■ **Data**:

━━━━━━━━━━

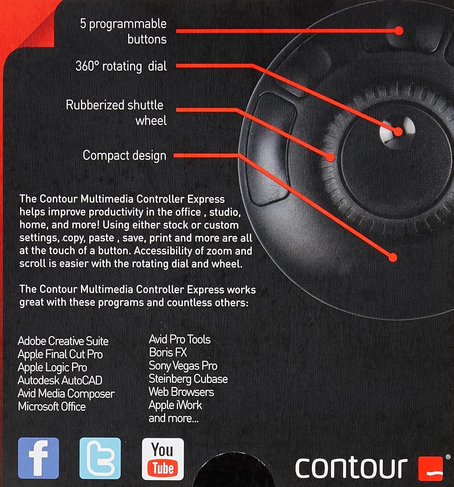 Contour Multimedia Controller Xpress is a compact multi-media controller, based on the award-winning Multimedia Controller PRO v2 and gives you programmability and control over most of today's popular multi-media and office based programs. Designed for the traveller or light user, well established design ergonomics make sure that Xpress fits comfortably under one hand. Connecting to your computer via USB, Multimedia Controller Xpress will give you greater control over a whole range of Mac & PC based applications. Portable, lightweight and cost effective. Multimedia Controller Xpress allows precision editing for your digital timeline based projects, or improved workflow in popular office based applications, whilst on the move. With five programmable buttons, a jog dial, the Xpress can be used for a number of applications ranging from photo editing and medical imaging to word processing and data entry. For creative digital timeline based apps, the fully responsive rotating dial and outer jog control give you analogue style feedback, making it perfect for reviewing video clips and editing audio tracks. Simply use the inner dial to scan your media frame by frame, or use the outer ring to allow multi-speed scanning backwards and forwards on your timeline. Even better, with other apps, the jog wheel can be used to preview and edit photos, scroll up and down websites, navigate spreadsheets making it so much more than a timeline focused tool.
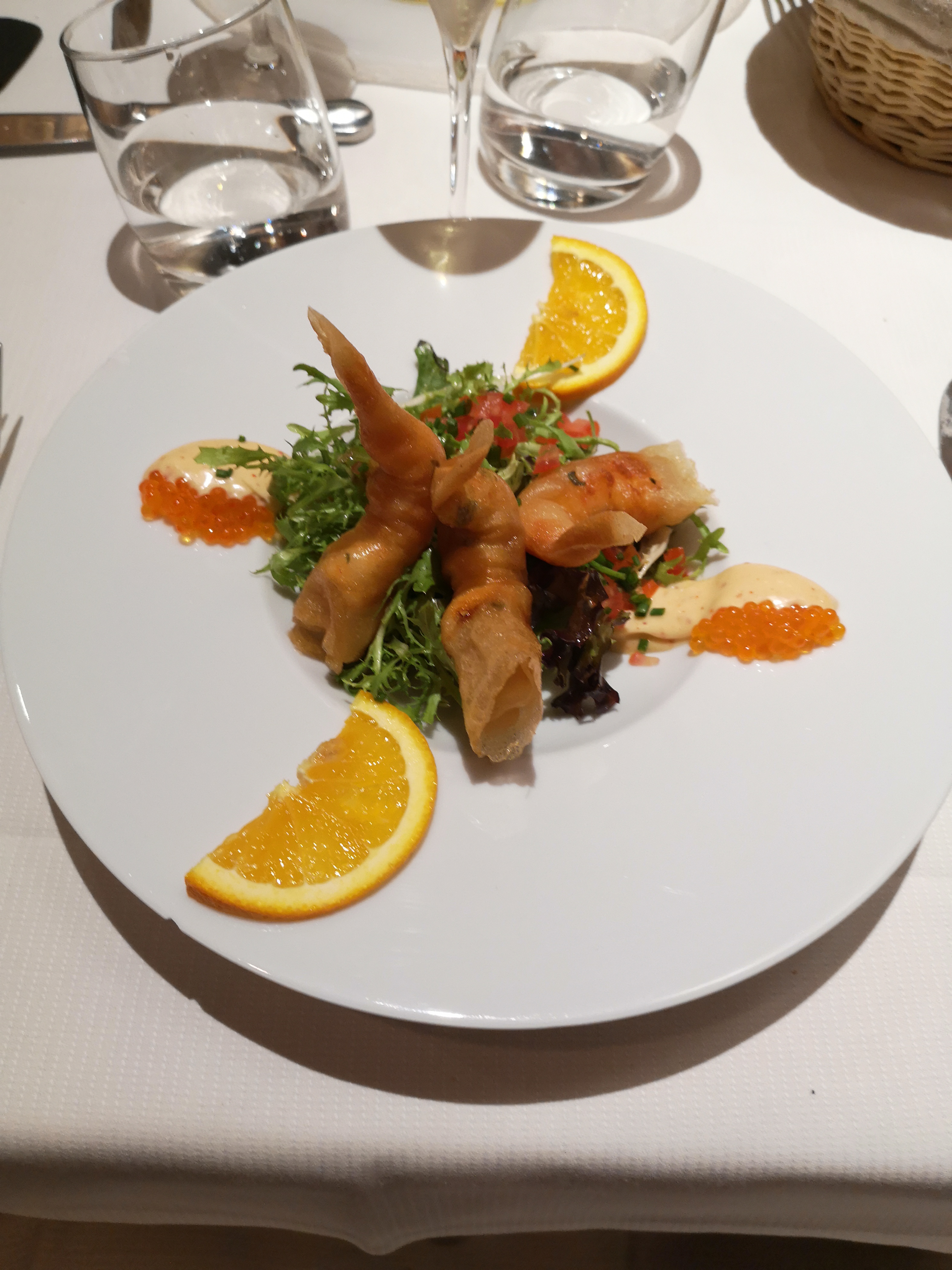 Les gambas en entrée étaient quelconques mais belle surprise pour les plats : ravioles de langoustines et coquilles Saint-Jacques. Service très agréable.
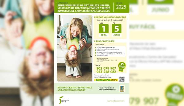 La Diputación de Jaén acaba de abrir el plazo para que la ciudadanía pueda abonar el Impuesto de Bienes Inmuebles de Naturaleza Urbana (IBU), el de Bienes Inmuebles de Características Especiales (Bices) y el de Vehículos de Tracción Mecánica (IVTM), poniendo de esta forma en marcha el primer periodo de la campaña de recaudación voluntaria de 2025, que se prolongará hasta el próximo 5 de junio. Más de 740.000 recibos, que suman un importe superior a los 120 millones de euros, se han puesto al cobro en los 93 ayuntamientos de la provincia —todos excepto Jaén capital, Martos, Úbeda y Villanueva del Arzobispo— que tienen delegada a la Administración provincial la gestión de estos tributos locales.
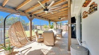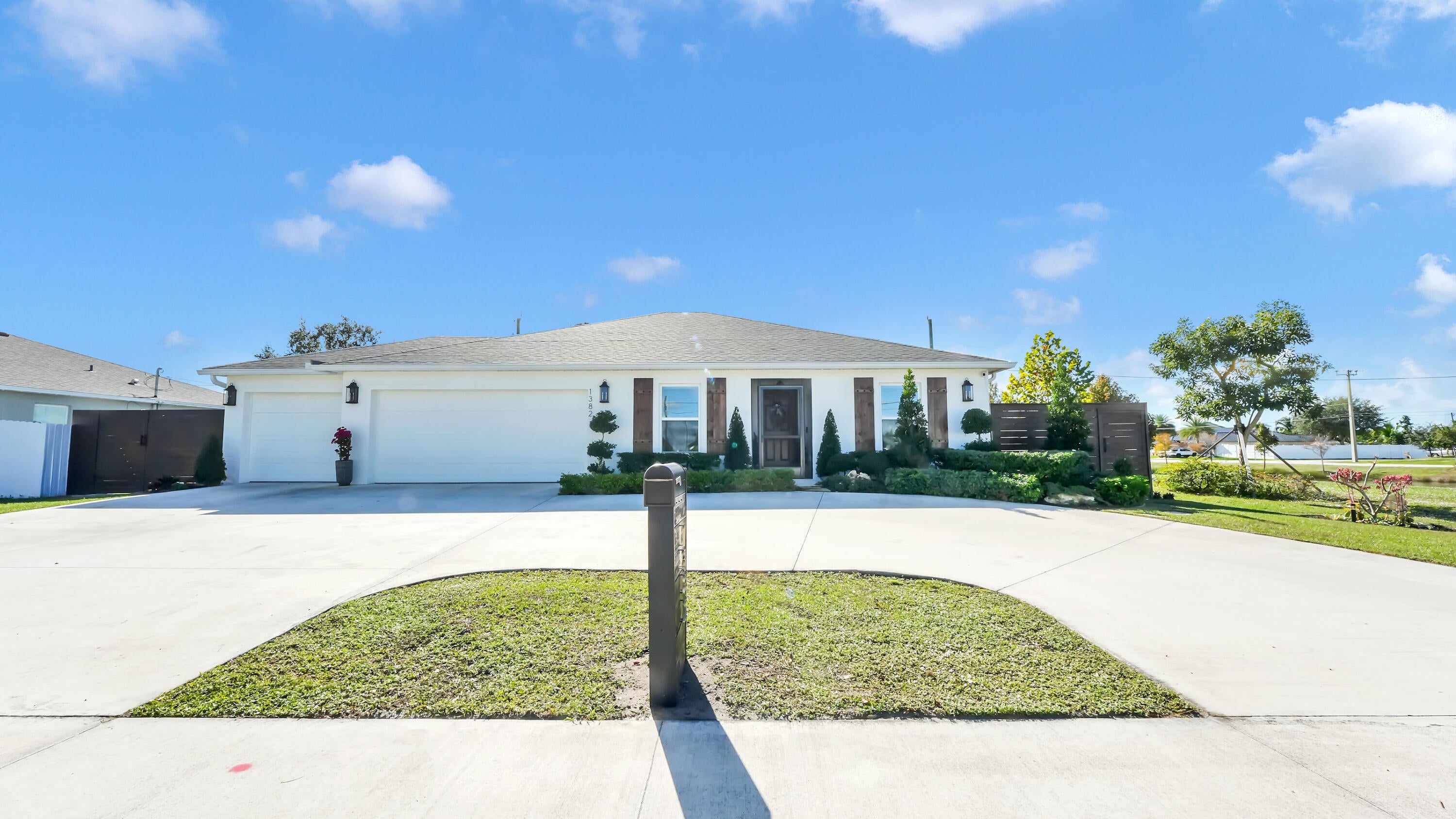 Welcome to this beautifully upgraded 2023 single family home on a corner lot with no rear neighbors! This 3 bed, 2 bath + den / office with a 3 car garage home is close to I-95, turnpike and minutes away from Tradition, shopping, dining and hospitals. Tile flooring throughout, the open living space includes a stylish fireplace, and the modern kitchen is enhanced by a Samsung smart refrigerator. The home is also equipped with a smart washer and dryer. The private backyard is an oasis, featuring a 7-ft real wood privacy fence, 400 sq. ft screened covered patio with roll-down shades, above ground pool, and a separate turfed area designed with pets in mind. Meticulously crafted landscaping and a freshly painted exterior. This home is truly better than new!

━━━━━━━━━━

■ **Exercise**: Exactly as written, return every line of the listing, but not the pictures.

■ **Expected answer**:
 Contour Multimedia Controller Xpress is a compact multi-media controller, based on the award-winning Multimedia Controller PRO v2 and gives you programmability and control over most of today's popular multi-media and office based programs. Designed for the traveller or light user, well established design ergonomics make sure that Xpress fits comfortably under one hand. Connecting to your computer via USB, Multimedia Controller Xpress will give you greater control over a whole range of Mac & PC based applications. Portable, lightweight and cost effective. Multimedia Controller Xpress allows precision editing for your digital timeline based projects, or improved workflow in popular office based applications, whilst on the move. With five programmable buttons, a jog dial, the Xpress can be used for a number of applications ranging from photo editing and medical imaging to word processing and data entry. For creative digital timeline based apps, the fully responsive rotating dial and outer jog control give you analogue style feedback, making it perfect for reviewing video clips and editing audio tracks. Simply use the inner dial to scan your media frame by frame, or use the outer ring to allow multi-speed scanning backwards and forwards on your timeline. Even better, with other apps, the jog wheel can be used to preview and edit photos, scroll up and down websites, navigate spreadsheets making it so much more than a timeline focused tool.
 Les gambas en entrée étaient quelconques mais belle surprise pour les plats : ravioles de langoustines et coquilles Saint-Jacques. Service très agréable.
 La Diputación de Jaén acaba de abrir el plazo para que la ciudadanía pueda abonar el Impuesto de Bienes Inmuebles de Naturaleza Urbana (IBU), el de Bienes Inmuebles de Características Especiales (Bices) y el de Vehículos de Tracción Mecánica (IVTM), poniendo de esta forma en marcha el primer periodo de la campaña de recaudación voluntaria de 2025, que se prolongará hasta el próximo 5 de junio. Más de 740.000 recibos, que suman un importe superior a los 120 millones de euros, se han puesto al cobro en los 93 ayuntamientos de la provincia —todos excepto Jaén capital, Martos, Úbeda y Villanueva del Arzobispo— que tienen delegada a la Administración provincial la gestión de estos tributos locales.
 Welcome to this beautifully upgraded 2023 single family home on a corner lot with no rear neighbors! This 3 bed, 2 bath + den / office with a 3 car garage home is close to I-95, turnpike and minutes away from Tradition, shopping, dining and hospitals. Tile flooring throughout, the open living space includes a stylish fireplace, and the modern kitchen is enhanced by a Samsung smart refrigerator. The home is also equipped with a smart washer and dryer. The private backyard is an oasis, featuring a 7-ft real wood privacy fence, 400 sq. ft screened covered patio with roll-down shades, above ground pool, and a separate turfed area designed with pets in mind. Meticulously crafted landscaping and a freshly painted exterior. This home is truly better than new!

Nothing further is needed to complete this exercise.